Progressive Growing GAN is an extension to the GAN training process that allows for the stable training of generator models that can output large high-quality images.

It involves starting with a very small image and incrementally adding blocks of layers that increase the output size of the generator model and the input size of the discriminator model until the desired image size is achieved.

This approach has proven effective at generating high-quality synthetic faces that are startlingly realistic.

In this post, you will discover the progressive growing generative adversarial network for generating large images.
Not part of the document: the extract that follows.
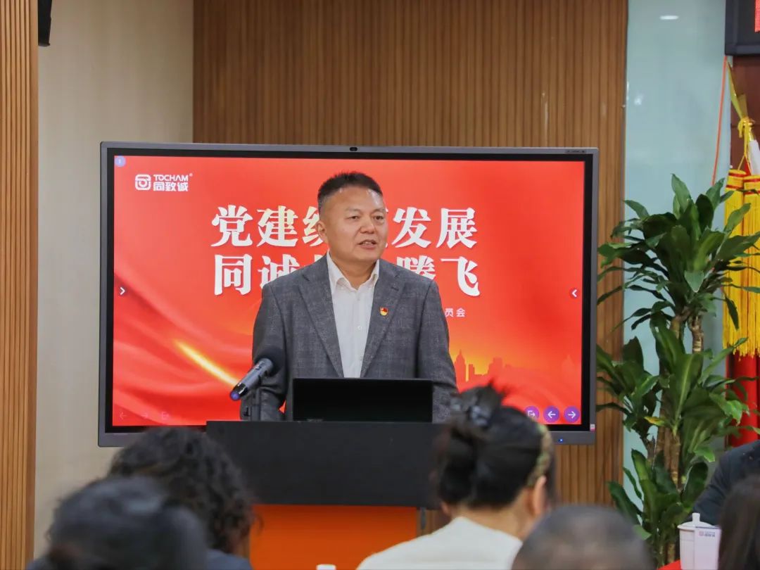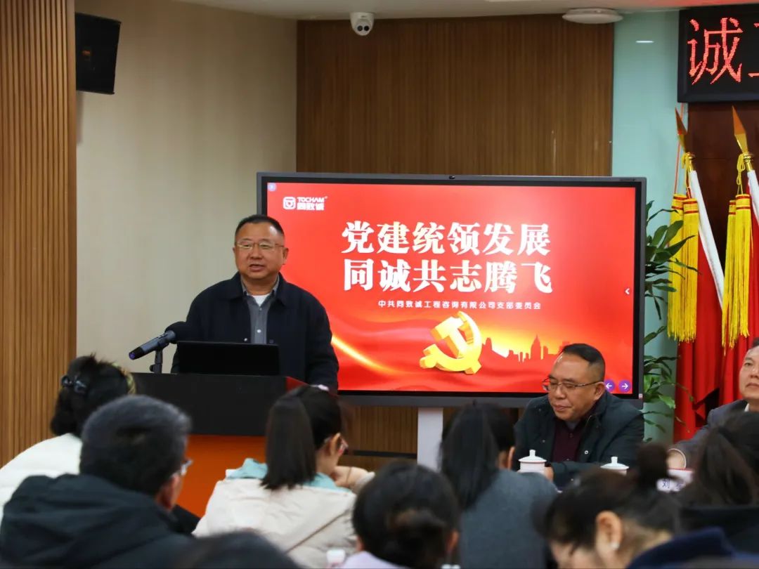 隨后,會議在同致誠黨支部副書記、副總經理何雨的主持下正式拉開序幕,共話黨建引領發展的實踐路徑。同致誠黨支部書記劉星以《黨建統領發展 同誠共志騰飛》為主題,從“加強四項建設,堅定主心骨,引領公司發展正確政治方向;構建'三項機制',建好連心橋,擴延黨建工作新格局;開展'雙強雙帶',提升向心力,激活黨員先鋒能效引擎;守住一個底線,打好護心錘,保證公司健康持久發展 ”全面總結了黨建工作開展情況,分享了黨建引領公司發展的寶貴經驗 ,為企業黨建與業務融合提供了可借鑒的思路。

After reading this post, you will know:

  • GANs are effective at generating sharp images, although they are limited to small image sizes because of model stability.
  • Progressive growing GAN is a stable approach to training GAN models to generate large high-quality images that involves incrementally increasing the size of the model during training.
  • Progressive growing GAN models are capable of generating photorealistic synthetic faces and objects at high resolution that are remarkably realistic.

Kick-start your project with my new book Generative Adversarial Networks with Python, including step-by-step tutorials and the Python source code files for all examples.

Let’s get started.

A Gentle Introduction to Progressive Growing Generative Adversarial Networks

A Gentle Introduction to Progressive Growing Generative Adversarial Networks
Photo by Sandrine Néel, some rights reserved.

Overview

This tutorial is divided into five parts; they are:

  1. GANs Are Generally Limited to Small Images
  2. Generate Large Images by Progressively Adding Layers
  3. How to Progressively Grow a GAN
  4. Images Generated by the Progressive Growing GAN
  5. How to Configure Progressive Growing GAN Models

GANs Are Generally Limited to Small Images

Generative Adversarial Networks, or GANs for short, are an effective approach for training deep convolutional neural network models for generating synthetic images.
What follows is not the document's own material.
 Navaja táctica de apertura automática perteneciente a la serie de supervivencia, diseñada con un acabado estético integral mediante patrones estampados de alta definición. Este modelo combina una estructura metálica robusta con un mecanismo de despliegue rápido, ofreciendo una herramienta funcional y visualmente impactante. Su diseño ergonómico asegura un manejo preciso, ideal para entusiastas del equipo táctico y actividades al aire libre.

Training a GAN model involves two models: a generator used to output synthetic images, and a discriminator model used to classify images as real or fake, which is used to train the generator model. The two models are trained together in an adversarial manner, seeking an equilibrium.

Compared to other approaches, they are both fast and result in crisp images.

A problem with GANs is that they are limited to small dataset sizes, often a few hundred pixels and often less than 100-pixel square images.

GANs produce sharp images, albeit only in fairly small resolutions and with somewhat limited variation, and the training continues to be unstable despite recent progress.

Progressive Growing of GANs for Improved Quality, Stability, and Variation, 2017.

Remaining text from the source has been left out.